With a less spooky outlook than last year for neighborhoods across the country, we tracked these fun-sized tidbits about All Hallows Eve. As always, we have a keen ear toward cool data visualization, responsible policymaking, and … general wackiness.

  • This thinkpiece on candy corn, courtesy of the Hustle, brought to our attention the recent “Thanksgiving Dinner + Apple Pie & Coffee” variety bag. Registered dietitian Heather Martin’s Facebook review called the stuffing flavor “an unrepentant violation of the Geneva Convention” and the green bean “unforgivable.”
  • KFC started a legitimate change.org petition to encourage households to swap out candy corn in favor of KFC corn.
  • Heinz promoted “Tomato Blood” in its Halloween store. Let’s hope the same litigious Pop Tart haters don’t go after Heinz on this one.
  • To help celebrate the Día de los Muertos (Day of the Dead; November 1), a Washington Post article described the pan de muerto (bread of the dead) at a Mexican bakery in Tucson. The recipe originally called for anise, according to baker Erica Franco “to ward off the evil spirits.”
  • For data geeks, Chicago-based Numerator shared a graphic “Candy Tracker” that tallies weekly candy sales, promotional spending and other bite-sized nuggets of data.
  • Danone North America tweeted about its Two Good Yogurt brand’s limited food-waste-preventing pumpkin flavor made with verified rescued pumpkins.
  • CropLife America shared a Farm Bureau article titled “Halloween Starts on the Farm.”
  • Popular Mechanics suggested an equation to help households calculate candy purchases for trick-or-treaters: time × kids × generosity. But we were told there would be no math.

“After a full year of celebrating seasons through the pandemic, people have expanded their ways of celebrating, adding more at-home activities while resuming cherished community and social traditions.”

Phil Stanley, global chief sales officer, Hershey (Supermarket News)

Worth Reading.

Some important points of view worth checking out this weekend.

A Meaty Take on History

Protein didn’t become a nutritional superstar overnight.
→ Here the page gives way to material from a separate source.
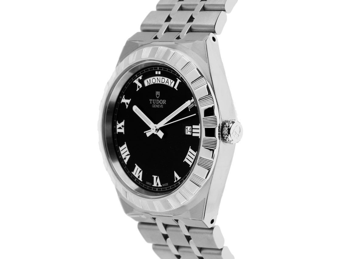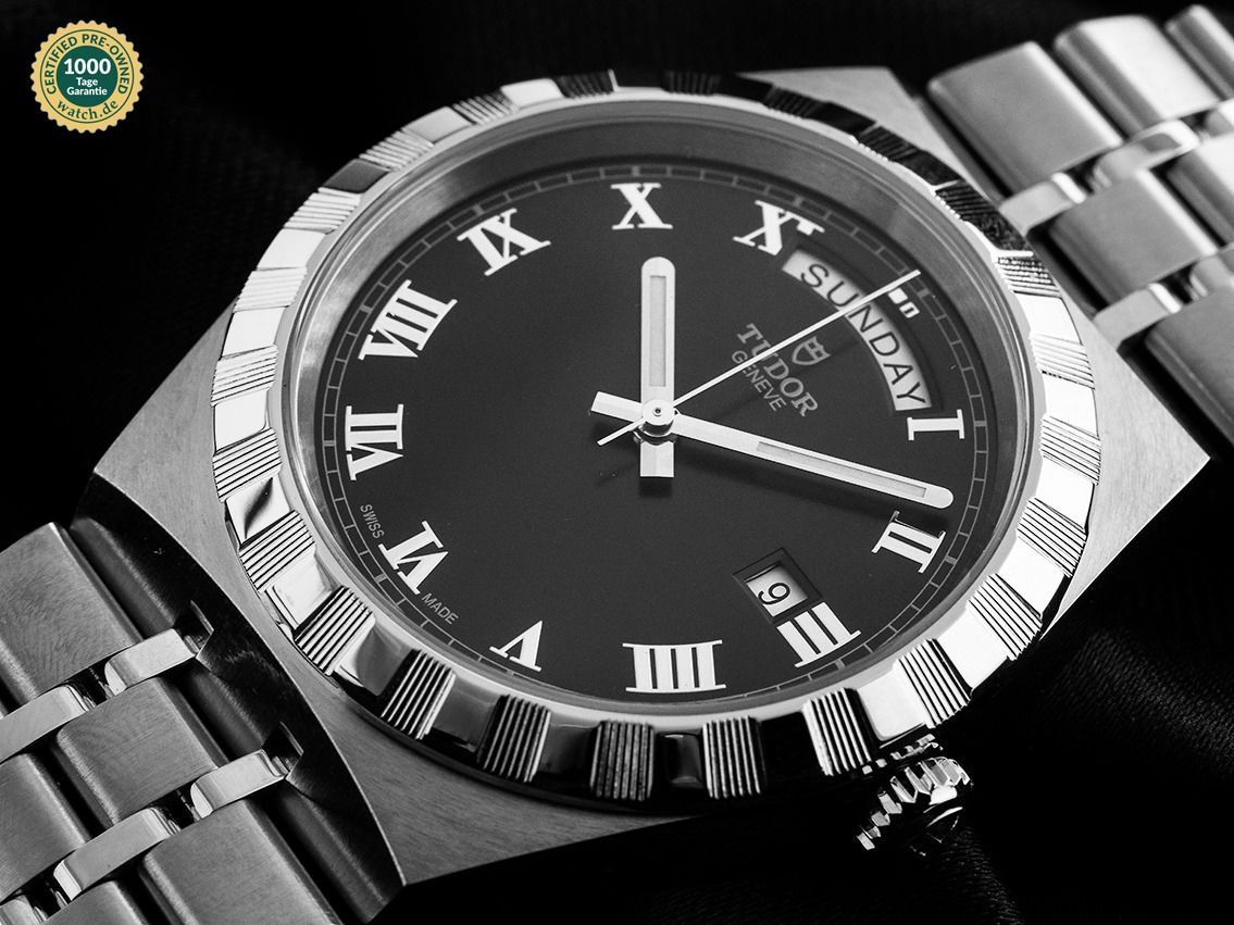 Tudor Tudor Royal Stahl Automatik Armband StahlGehäuse Edelstahl satiniert und poliert, Gehäusedurchmesser ohne Krone 41mm, Gehäusehöhe 10,6mm. Lünette Edelstahl geriffelt und poliert. Armband Edelstahl satiniert und poliert, Sicherheitsfaltschließe Edelstahl mit Hersteller-Logo. Zifferblatt schwarz mit aufgesetzten römischen Edelstahl Ziffern und Edelstahl Leuchtzeigern. Uhrwerk Automatik, Chronometer mit Zeugnis, Kaliber T603 mit 25 Edelsteinen, Gangreserve ca. 38 Stunden. Anzeige von Stunde, Minute und Sekunde über Zeiger aus der Mitte mit Sekundenstopp zur sekundengenauen Einstellung der Uhrzeit, Wochentaganzeige in Englisch bei 12 Uhr, Datumsanzeige mit Schnellverstellung bei 3 Uhr. Saphirglas kratzfest. Krone verschraubbar mit Hersteller-Logo. Boden Edelstahl verschraubt und graviert. Gewicht der Uhr inklusive Armband 153g, Länge des Armbandes inklusive Gehäuse 195mm. Wasserdicht bis 10 ATM. Referenznummer: M28600-0003, ID: ST116039601025H-2700, Artikelnummer: 10000082887. Original Tudor Box mit Umkarton und Garantie Papiere von Oktober 2025 sowie Beschreibung, Full Set. Ungetragen. Lieferzeit sofort.

In The Conversation, University of Oregon history lecturer Hannah Cutting-Jones provided an overview of the decades-long journey from John Harvey Kellogg’s research in the early 1900s through the modern obsession with the macronutrient.

Sweating Out Insulin Resistance

With the association of Type 2 diabetes and diet, we’re happy to report that insulin resistance is reversible. Research shows that calorie reduction, weight control and physical activity can reduce the risk of developing Type 2 diabetes by 58%. According to The Washington Post, the most effective tool to do so is exercise.

‘Your Brain on Food’

CNBC asked Dr. Uma Naidoo, a nutritional psychiatrist, faculty member at Harvard Medical School and author of “This Is Your Brain on Food,” what she eats daily to sharpen her memory, focus and overall brain health. On her list: extra-dark chocolate, berries, turmeric (with black pepper), leafy greens and fermented foods. She says berries alone can “reduce symptoms of anxiety and help fend off neurodegenerative diseases like dementia.”

Sweet Tooth

According to a study published in the health journal PLOS ONE, our taste buds know the difference between sugar and artificial sweeteners. Researchers at Rutgers University described the way we perceive sweet flavors as “a molecular calorie detector, of sorts. … it could help explain the overall preference for sugared beverages over non-caloric sweetener beverages.”

Know Your Rights

On November 2, Maine voters will determine if the Pine Tree State will become the first to declare a “right to food” for its citizens. It won’t protect anyone who poaches or steals food, but it could affect intellectual property for seed traits. Notably, the measure includes no funding for hunger relief (Food Safety News).